Currently delegating a TLS service to a third party or multiple edge nodes
is mostly based on distributing the full private key to multiple edge nodes
that may even be in a different domain. Such a distribution prevents the
key owner to keep the control of the private key as well as to prevent the
key to leak. For example, with LURK, the Heartbleed attack would have had
very limited impact as the private key would not have been hosted on the
edge server. By design, LURK would have prevented the key to leak.

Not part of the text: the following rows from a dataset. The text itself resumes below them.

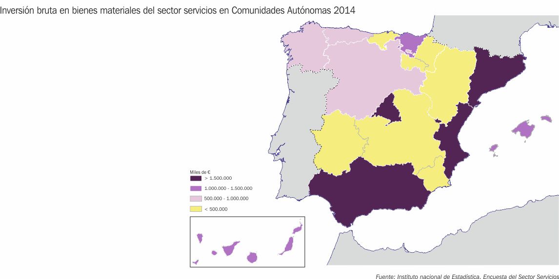 Inversión bruta en bienes materiales del sector servicios en Comunidades Autónomas 2014
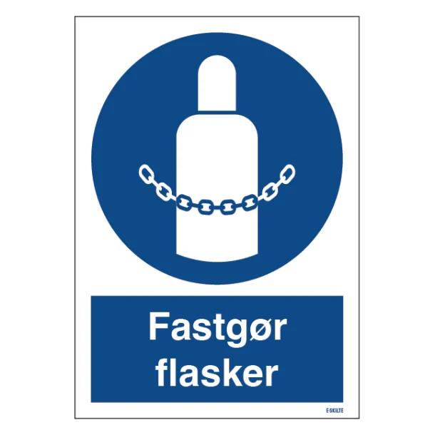 Med sit klare ISO 7010 piktogram “M046 Secure gas cylinders” fra kategorien: M – Påbudsskilte, kommunikerer dette skilt umisforståeligt og på tværs af sprogbarrierer. Den intuitive symbolik sikrer, at beskeden om at fastgøre gasflasker når ud til alle, der færdes i området.
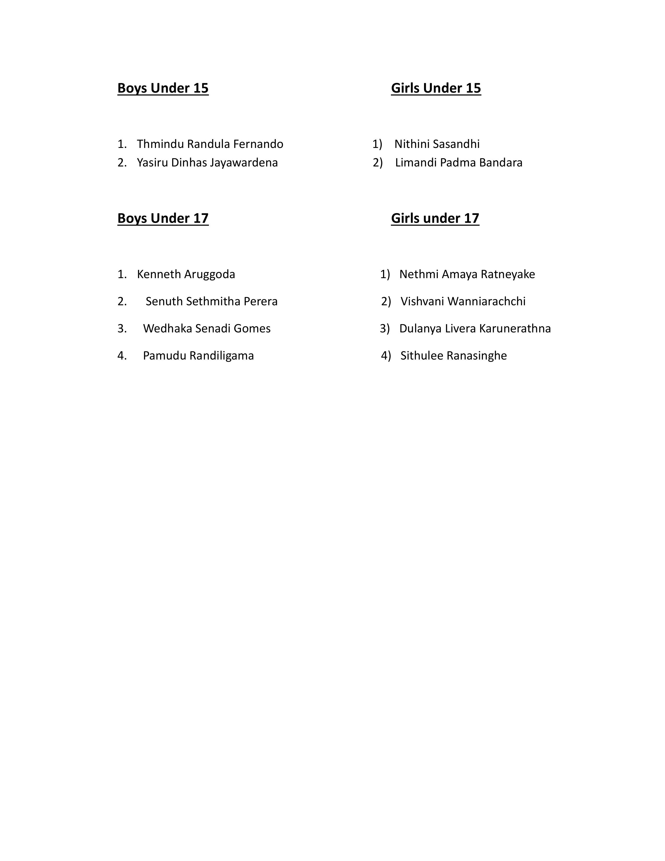 As instructed by the Chairmen Selection Committee, the following players are invited to face Selection Trials to select the Team for the above championship. The Trials will be held on 10th June (Tuesday) at the Mercantile Badminton Courts. The participation at the Games will be on self-funded basis. A meeting with all players and parents will be held on 9th June (Monday) at 4:30 pm. The details and format of holding the trials will be notified by the Selection Committee. Boys Under 15 • Thmindu Randula Fernando • Yasiru Dinhas Jayawardena Girls Under 15 • Nithini Sasandhi • Limandi Padma Bandara Boys Under 17 • Kenneth Aruggoda • Senuth Sethmitha Perera • Wedhaka Senadi Gomes • Pamudu Randiligama Girls under 17 • Nethmi Amaya Ratneyake • Vishvani Wanniarachchi • Dulanya Livera Karunerathna • Sithulee Ranasinghe
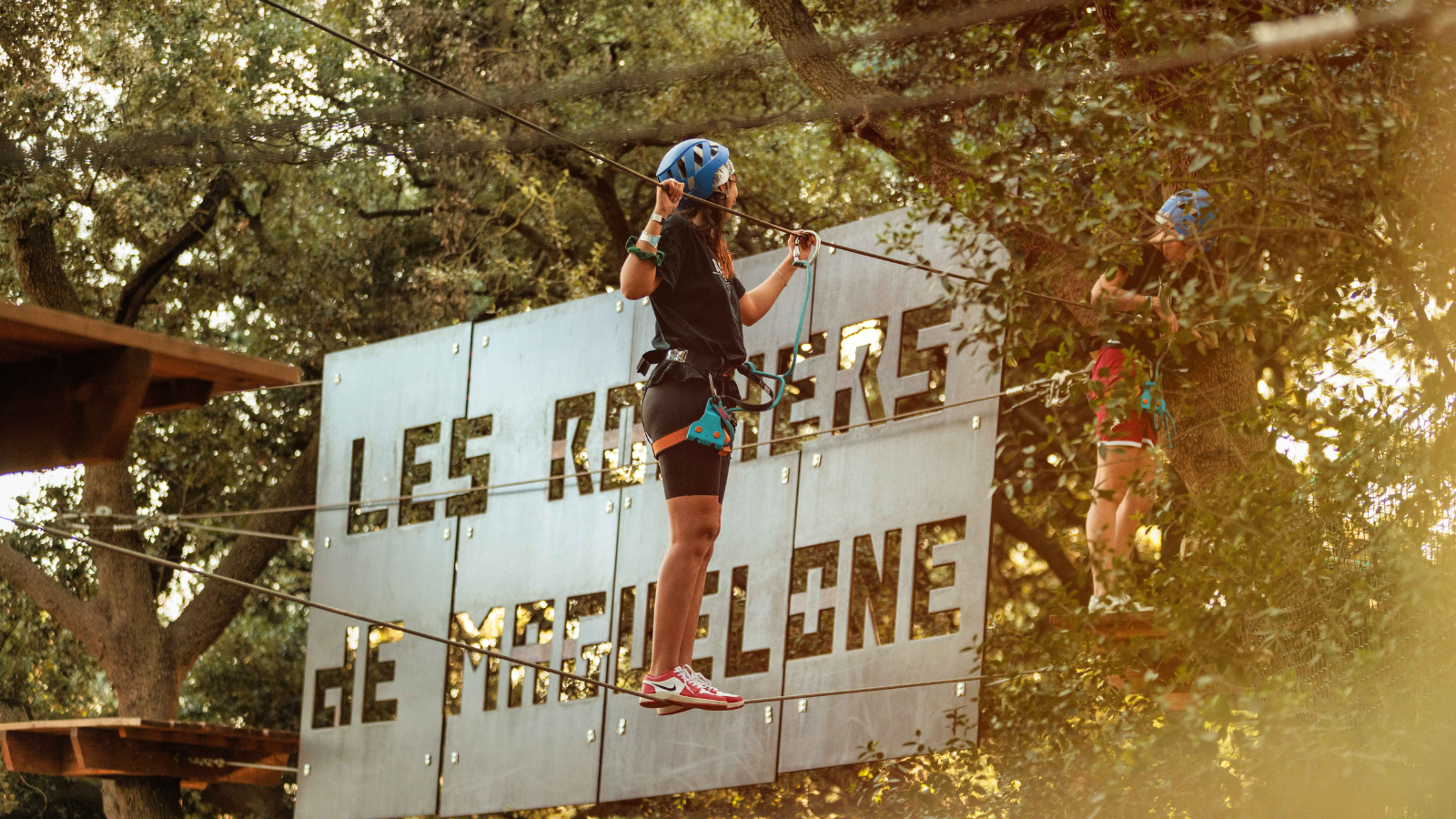 Dans un cadre naturel et ombragé, 19 parcours accrobranche dont 6 accessibles pour les 3-6 ans s’offrent à vous. Que vous soyez en famille ou entre amis, nos parcours s'adaptent à tous les âges et tous les niveaux. Les plus petits trouveront des parcours adaptés à leur taille, garantissant une aventure sécurisée et divertissante. Les adultes, quant à eux, pourront repousser leurs limites sur plus de 150 ateliers : tyroliennes, ponts de singe, saut de tarzan...
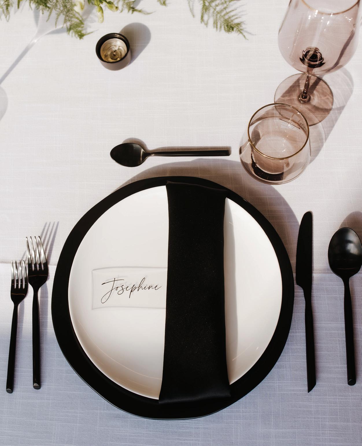 Embracing the lush surroundings and playing with dark and white contrasts on the tablescape resulted in pure magic.
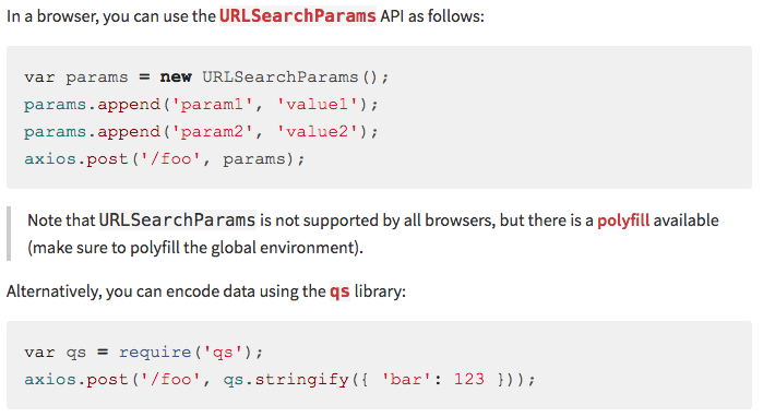 以Vue.js的axios为例,参考axios – Using application/x-www-form-urlencoded format。
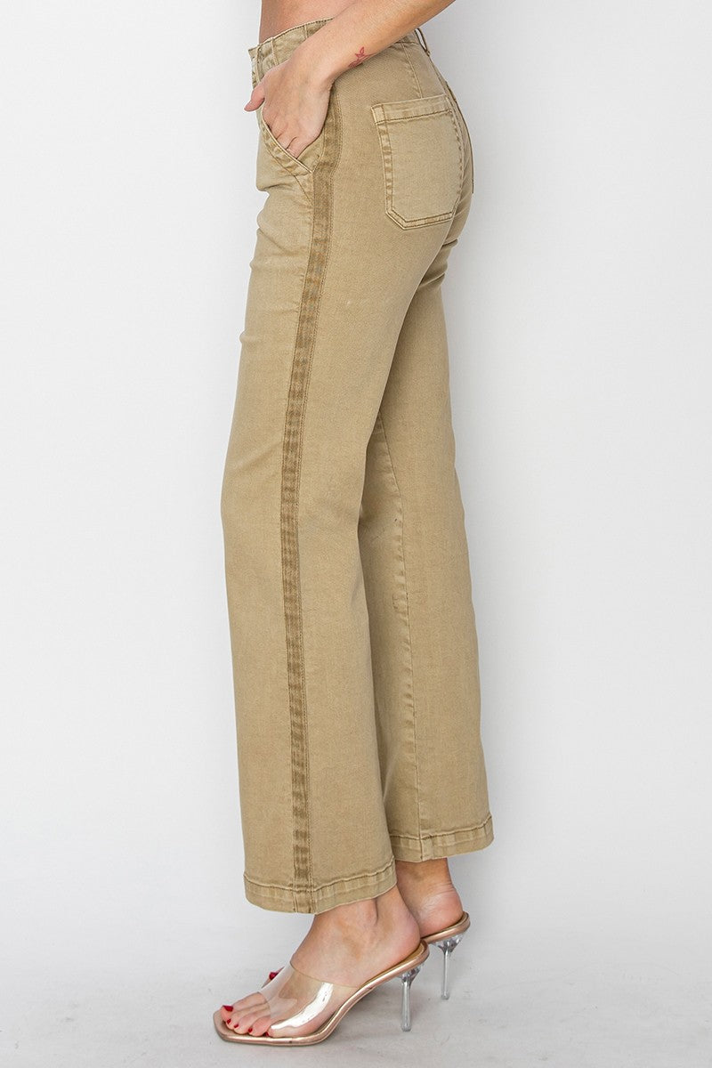 *FINAL SALE* High Rise Side Twill Tape Detail Straight Leg Jean
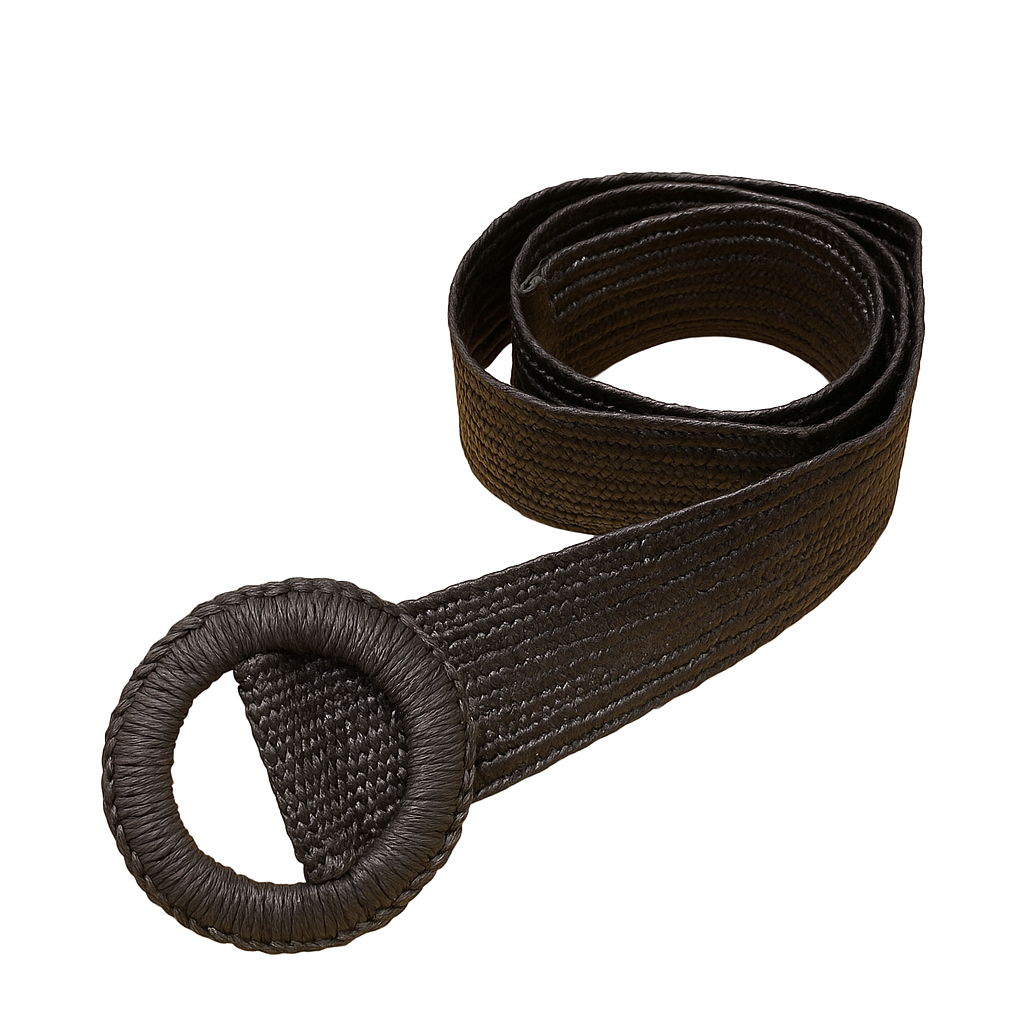 Cinto Terranova, confeccionado en yute elastizado que brinda comodidad y estilo natural. Presenta hebilla tejida que suma un detalle artesanal y distintivo a cualquier look. Medidas: 4,5 x 107 cm. Un accesorio versátil y divertido para realzar outfits casuales y de verano.
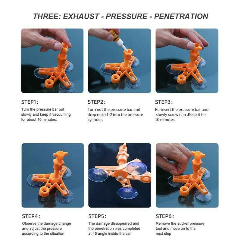 Simply region the doling out head with suction cups over the broken area, fill the resin, twist to use pressure, and witness the cracks disappear proper earlier than your eyes.

The short term certificate is for sure a useful mechanism, but the
mechanism does not prevent the leakage of the private key. Instead it
limits the use of a private key to a shorter period. This may be useful as
long as the time to retrieve the private key is longer than the life time
of the certificate which was not the case in the case of the Heartbleed

My understanding is that there are currently no mechanisms that prevent the
keys to leak in the case of TLS. There is a huge demand from the industry
to provide mechanisms that protects the private key from leakage. The
reason we focused on TLS is that by limiting the use of a single protocol
it provides more control on the usage of the key. However, the protection
of the private key can also be handled in a more generic way outside the
scope of TLS.  I would like to understand whether mechanisms to prevent
leakage of the private key should not be handled in the context of TLS and
instead being handled in a more generic way.